Voice Description API Documentation

Overview

The Voice Description API provides comprehensive accessibility features for visual content by automatically generating descriptive audio narration tracks. This system leverages AWS AI services including Amazon Rekognition for video scene segmentation, Amazon Bedrock Nova Pro for intelligent content analysis, and Amazon Polly for natural text-to-speech synthesis.

Base URLs:

Production: https://api.voicedescription.ai/v2
Staging: https://staging-api.voicedescription.ai/v2
Development: http://localhost:3000

Version: 2.1.0

Authentication & Setup

API Key Authentication

All API endpoints (except health checks) require authentication via API key in the request headers.

Header Format:

X-API-Key: your-api-key-here

Bearer Token Authentication (Alternative)
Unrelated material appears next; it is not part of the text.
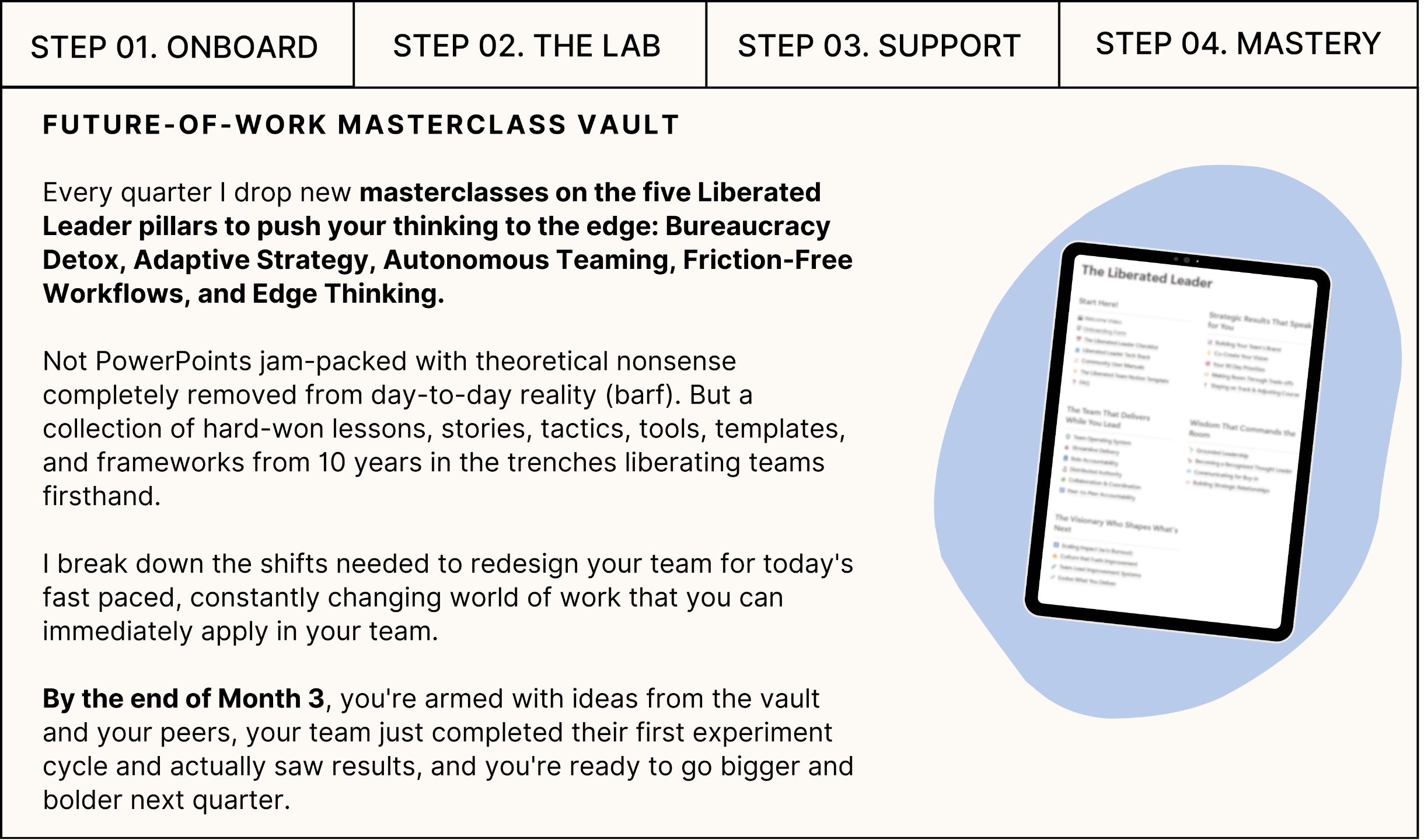 Each quarter, I drop new masterclasses on the core shifts to future-proof your team for today's fast-paced, constantly changing world. Through lessons, tools, templates, and peer discussions, you're fully equipped to take what you learn and immediately experiment with it in your team.

JWT Bearer tokens are also supported for authentication.

Header Format:

Authorization: Bearer your-jwt-token-here

Quick Setup Examples

cURL Setup

# Set your API key as an environment variable
export API_KEY="your-api-key-here"

# Make authenticated requests
curl -H "X-API-Key: $API_KEY" \
     https://api.voicedescription.ai/v2/api/health

JavaScript Setup

// Using fetch API
const API_KEY = 'your-api-key-here';
const BASE_URL = 'https://api.voicedescription.ai/v2';

const apiClient = {
  headers: {
    'X-API-Key': API_KEY,
    'Content-Type': 'application/json'
  },
  
  async get(endpoint) {
    const response = await fetch(`${BASE_URL}${endpoint}`, {
      method: 'GET',
      headers: this.headers
    });
    return response.json();
  },
  
  async post(endpoint, data) {
    const response = await fetch(`${BASE_URL}${endpoint}`, {
      method: 'POST',
      headers: this.headers,
      body: JSON.stringify(data)
    });
    return response.json();
  }
};

Python Setup

import requests

class VoiceDescriptionAPI:
    def __init__(self, api_key):
        self.api_key = api_key
        self.base_url = 'https://api.voicedescription.ai/v2'
        self.headers = {
            'X-API-Key': api_key,
            'Content-Type': 'application/json'
        }
    
    def get(self, endpoint):
        response = requests.get(
            f"{self.base_url}{endpoint}",
            headers=self.headers
        )
        return response.json()
    
    def post(self, endpoint, data):
        response = requests.post(
            f"{self.base_url}{endpoint}",
            headers=self.headers,
            json=data
        )
        return response.json()

# Initialize client
api = VoiceDescriptionAPI('your-api-key-here')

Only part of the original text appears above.